When I last posted an update of the Pocher Alfa Romeo Spider project, the main frame and engine were finally joined, and some wires and hoses routed.
Next up is trying to get the steering column in place.
Because of what I'd guess is a significant scale error on the engine sub-assemblies on the right side, the steering gear box really doesn't fit in the frame. A little trim and file alteration here and there and I barely got it in there, with enough room to function. It is significant off though, too far to the right, for the steering column to pass through the firewall.
But the first order of business was that the metal housing, a tube, that goes over the steering rod did not fit into the gear box. Of course it doesn't. I should have checked that.
Fortunately, there is a simple solution to this.
The tube has pretty thick walls. So I just put it in the lathe and reduced the thickness for a short length at the gear box end so the thinner part will go into the gear box
The reduced bit fits neatly into the gear box and actually looks better.
This detail shows how far off the opening in the firewall is from the steering column housing that needs to pass through.
Again, I moved and adjusted everything involved, cut the opening wider to the outward side, adjusted the dash, and got everything to, barely, fit.
Speaking of the dashboard, here it is, roughly cut and not yet finished, in oak.
And here is the dash with the instruments in place.
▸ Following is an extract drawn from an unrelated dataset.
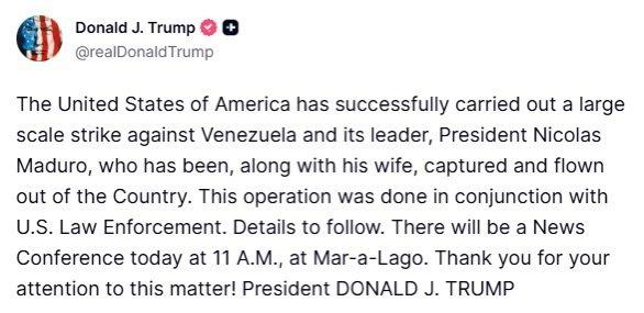 突发重大新闻,特朗普社媒发文! 川普宣布,美军突袭行动结束,已抓获委内瑞拉总统马杜罗及其妻子。 川普说美国时间今天上午11点,将在海湖庄园举行新闻发布会公布详情。从看到突袭行动到川普宣布消息,时间仅不到5个小时。 如果真如川普所言,只能说明马杜罗身边早已通美,并且提供了详尽的位置情报。现在很难判定事情真伪,大家说会是烟雾弹么?

The dash is just hanging here, on the steering column, not yet fixed in place.
The dashboard is suppose to be held to the frame, visible here behind it, by three screws. I did not make holes in the wood for the screws as I didn't want the screw heads showing. Instead, I used three pins fixed to the back of the wood, that fit snugly into the holes intended for the screws.
The pins have a flat head that glues nicely to the back of the dashboard.
The only thing I forgot is that the dash is not at 90 degrees, but tilted back a little. I just cut shallow angled holes for the head of the pins in the back of the instrument panel, glued to pins with epoxy to the back, and friction fit the three pins into the holes intended for the screws. So far so good!
I have also been checking the fit of the body parts regularly, to be sure the spacing for the hood is still good. It is.
Alterations to the kit have to be made to make sure the hood doesn't turn out to be too short. I used a combination of changes to fix this issue, without moving the engine back, as is generally suggested.